Insert data and adjust the algorithm upward to build a heap

In the last article, we implemented this step. We created an array in the main function and then inserted each data in the array into the dynamically opened space using the insertion function and the upward adjustment algorithm function. Each inserted data is used as a child and The father compares and exchanges positions according to size, ultimately achieving a large/small heap.

insert function

void HPPush(HP* php, HPDatatype x)
{
	assert(php);
	
	if (php->size == php->capacity)
	{
		int newcapacity = php->capacity == 0 ? 4 : php->capacity * 2;
		HPDatatype* tmp = (HPDatatype*)realloc(php->a, sizeof(HPDatatype)*newcapacity);
		if (tmp == NULL)
		{
			perror("realloc failed");
			exit(-1);
		}
		php->a = tmp;
		php->capacity = newcapacity;
	}
	php->a[php->size] = x;
	php->size++;
	HPadjustUp(php->a, php->size-1);
}

When entering the function, first determine whether the space size is sufficient. If it is not enough, use the realloc library function to open up the space. If the opening is unsuccessful, exit directly.

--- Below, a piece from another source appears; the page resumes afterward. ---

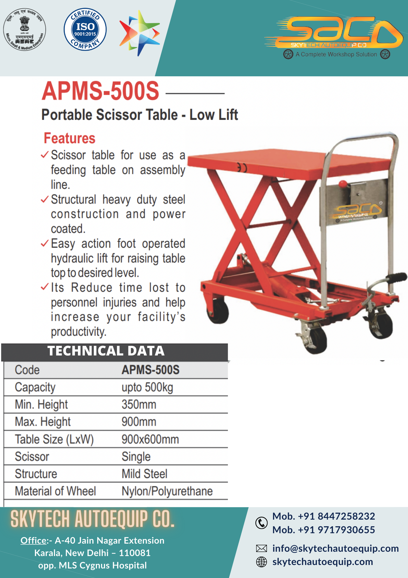पोर्टेबल कैंची टेबल - कम लिफ्ट उठाने की क्षमता: 500 किलोग्राम (किलो)

If the opening is successful, assign and modify the size and capacity. 

Upsizing and swapping functions 

void HPadjustUp(HPDatatype* a, int child)
{
	//找到父亲
	int parent = (child - 1) / 2;
	//根为0  当和根交换后child为0
	while (child > 0)
	{
		//当child小时和父亲交换 建成小堆
		//当child大时和父亲交换 建成大堆
		if (a[parent] > a[child])
		{
			swap(&a[parent], &a[child]);
			child = parent;
			parent = (child - 1) / 2;
		}
		else
		{
			break;
		}
	}
}

 Enter the upward adjustment function to provide the subscript relationship between the father and the child based on our previous article, adjust upward in turn according to our needs and the size relationship between the father and the child, and use the exchange function to implement large/small heaps.

​
void swap(HPDatatype* x, HPDatatype* y)
{
	HPDatatype tmp = *x;
	*x = *y;
	*y = tmp;
}

​

To prevent local variables from being destroyed outside the scope of the exchange function, here we use pointer exchange.

Disadvantages of this approach :

1. Space needs to be dynamically opened up, resulting in a waste of space.

2. Code that requires a complete heap implementation is more troublesome and not highly recommended.

We can use the following method to optimize the above function.


Move data upward to adjust the algorithm to build a heap

According to the name of our method, we can judge that our method does not need to dynamically open up additional space. It only needs to use array subscripts to adjust the algorithm function upward.

Implement code

	for (int i = 1; i < n; i++)
	{
		HPadjustUp(a, i);
	}

 Here we use the first data in the array as a heap to compare the following numbers with the previous numbers by moving the subscripts, which is equivalent to the previous number as the father and the following number as the child. The father and child use the upward adjustment function. Make adjustments to implement the heap.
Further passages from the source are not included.